За свою жизнь он повидал и войну, и разруху, и голод, но никогда, даже в мыслях, не допускал, чтобы на двадцать четвертом году советской власти враг мог подойти к Москве.

Все чаще ему казалось, что ему или говорят неправду, а может быть, он настолько болен, что все понимает не так, как нужно. И чем безнадежнее были вести, тем все меньше и меньше верил им Василий Иванович. Даже грохот зениток по ночам воспринимал он теперь не как раньше. В конце концов он перестал слушать Веру и только ждал удобного случая, чтобы вырваться из-под опеки жены и самому посмотреть, что делается в Москве. Ходить по комнате врач ему разрешил уже давно, и Василий Иванович, когда жена стояла в очереди в продуктовом магазине, старательно оделся, взял палку и вышел из дому. И сразу же, выйдя на улицу, понял, что положение в городе действительно тревожное. Всегда шумная и оживленная Семеновская площадь была пуста. На углу, перегораживая улицу, темнели сваренные из рельсов стальные ежи. Нижние окна большого универмага были заложены мешками с песком и чернели прямоугольниками бойниц. Почти пустые трамваи ходили редко и вяло, не оглашая улиц веселыми звонками. На всем пути до завода Василий Иванович увидел среди прохожих только несколько штатских мужчин и двоих детей. Но более всего поразил Василия Ивановича родной завод. Две его высокие трубы не дымили, как всегда, а измазанные черными и коричневыми пятнами уныло уставились в пустынное небо. Центральные ворота были распахнуты настежь, и около них в куче мусора безбоязненно копошились воробьи. Железная мачта у трансформаторной будки покосилась, и с ее вершины безвольно свисали хвосты оборванных проводов. На просторном дворе было дико и пусто. Там, где пролегла линия железнодорожной ветки и неизменно посвистывал маневровый паровоз, валялись вывернутые шпалы и щетинилось несколько таких же, как на углу Семеновской площади, ежей из стальных рельсов. Всю заводскую территорию окутала опустошительная тишина.

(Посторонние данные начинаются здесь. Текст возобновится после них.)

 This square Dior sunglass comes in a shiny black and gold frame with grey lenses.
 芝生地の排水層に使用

Обходя кучи мусора, Василий Иванович уныло брел заводским двором. Увидев глазницы выбитых окон первого цеха, он обессиленно прислонился к стене и замер. Ему казалось, что стоит еще раз шагнуть, как он упадет и больше не поднимется.

— Положение, товарищи, тяжелое, — вывел его из оцепенения тихий голос за стеной. — Немцы отчаянно рвутся к Москве…

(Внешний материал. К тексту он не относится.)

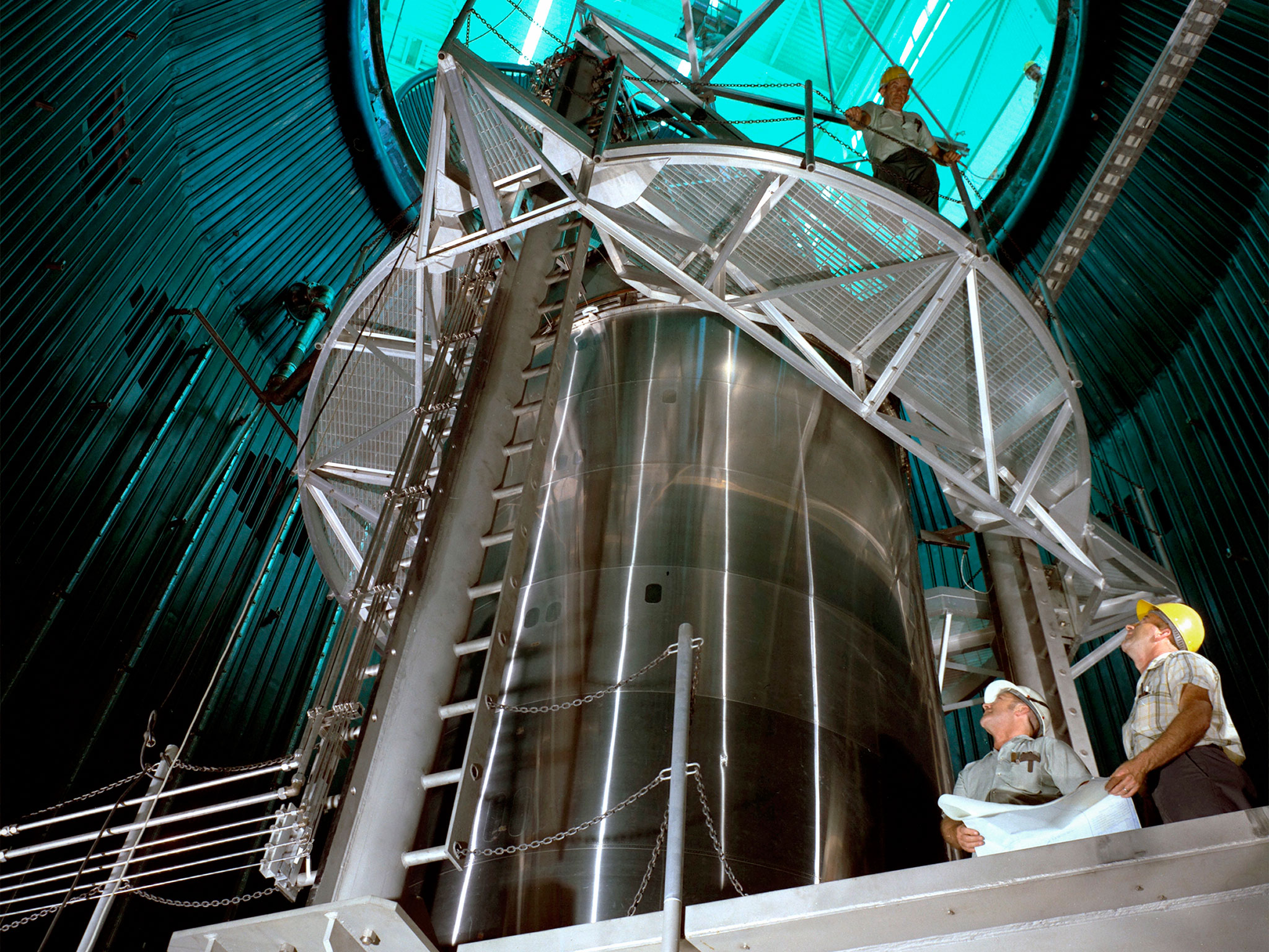A Centaur second-stage rocket in the Space Propulsion Research Facility, better known as B‒2, operating at NASA’s Plum Brook Station in Sandusky, Ohio. Centaur was designed to be used with an Atlas booster to send the Surveyor spacecraft to the moon in the mid-1960s. After those missions, the rocket was modified to launch a series of astronomical observation satellites into orbit and send space probes to other planets. Researchers conducted a series of systems tests at the Plum Brook test stands to improve the Centaur fuel pumping system. Follow up full-scale tests in the B-2 facility led to the eventual removal of the boost pumps from the design. This reduced the system’s complexity and significantly reduced the cost of a Centaur rocket. The Centaur tests were the first use of the new B-2 facility. B‒2 was the world's only high altitude test facility capable of full-scale rocket engine and launch vehicle system level tests. It was created to test rocket propulsion systems with up to 100,000 pounds of thrust in a simulated space environment. The facility has the unique ability to maintain a vacuum at the rocket’s nozzle while the engine is firing. The rocket fires into a 120-foot deep spray chamber which cools the exhaust before it is ejected outside the facility. B‒2 simulated space using giant diffusion pumps to reduce chamber pressure 10-6 torr, nitrogen-filled cold walls create cryogenic temperatures, and quartz lamps replicate the radiation of the sun.

Голос смолк, и послышалось тяжелое, прерывистое дыхание усталого человека. По рассказам Веры Василий Иванович знал, что на заводе неизвестно зачем остались семеро молодых мужчин из разных цехов и начальник второго цеха Полунин. Все они были призывного возраста, но в армию не ушли и с заводом не уехали. Давно зная Полунина, Василий Иванович безошибочно различил его голос.

— Если немцы ворвутся в Москву, мы приступаем к работе, — продолжал Полунин за стеной.

Услышав эти слова, Василий Иванович стиснул зубы и неуверенными шагами двинулся вдоль стены. Миновав раскрытые ворота, он увидел тех самых семерых мужчин, о которых рассказывала Вера. Тесным кружком они стояли вокруг Полунина и, заслышав шаги Василия Ивановича, повернулись к нему.

— Василий Иванович? — удивленно и с заметной досадой спросил Полунин.

— Нет, выходец с того света, — буркнул Василий Иванович и со злостью выкрикнул: — Шепчетесь, туды вашу мать, Москву сдавать готовитесь!

От тупой боли в груди он вдруг пошатнулся, жадно хватая ртом воздух, постоял мгновение и, оседая на землю, погрузился в пелену зыбкого тумана.

Очнулся он от холода. Как сквозь сон, доносился до него едва слышный говор Полунина:

— Вот, старый, что подумал!

— Не он один, многие косятся. По улицам ходить стыдно, — с горечью произнес второй голос.

— А ты не стыдись того, что партия поручила, — сердито ответил Полунин.

«Подпольщики, видать, — сообразил Василий Иванович, — а я — то на них».

Он открыл глаза и увидел озабоченные лица рабочих. Все они с жалостью смотрели на него, и от этого ему стало стыдно и за то, что подумал о них, и за то, что сказал.

— Лежи, лежи, Иваныч, — с нежностью проговорил Полунин, — все обойдется.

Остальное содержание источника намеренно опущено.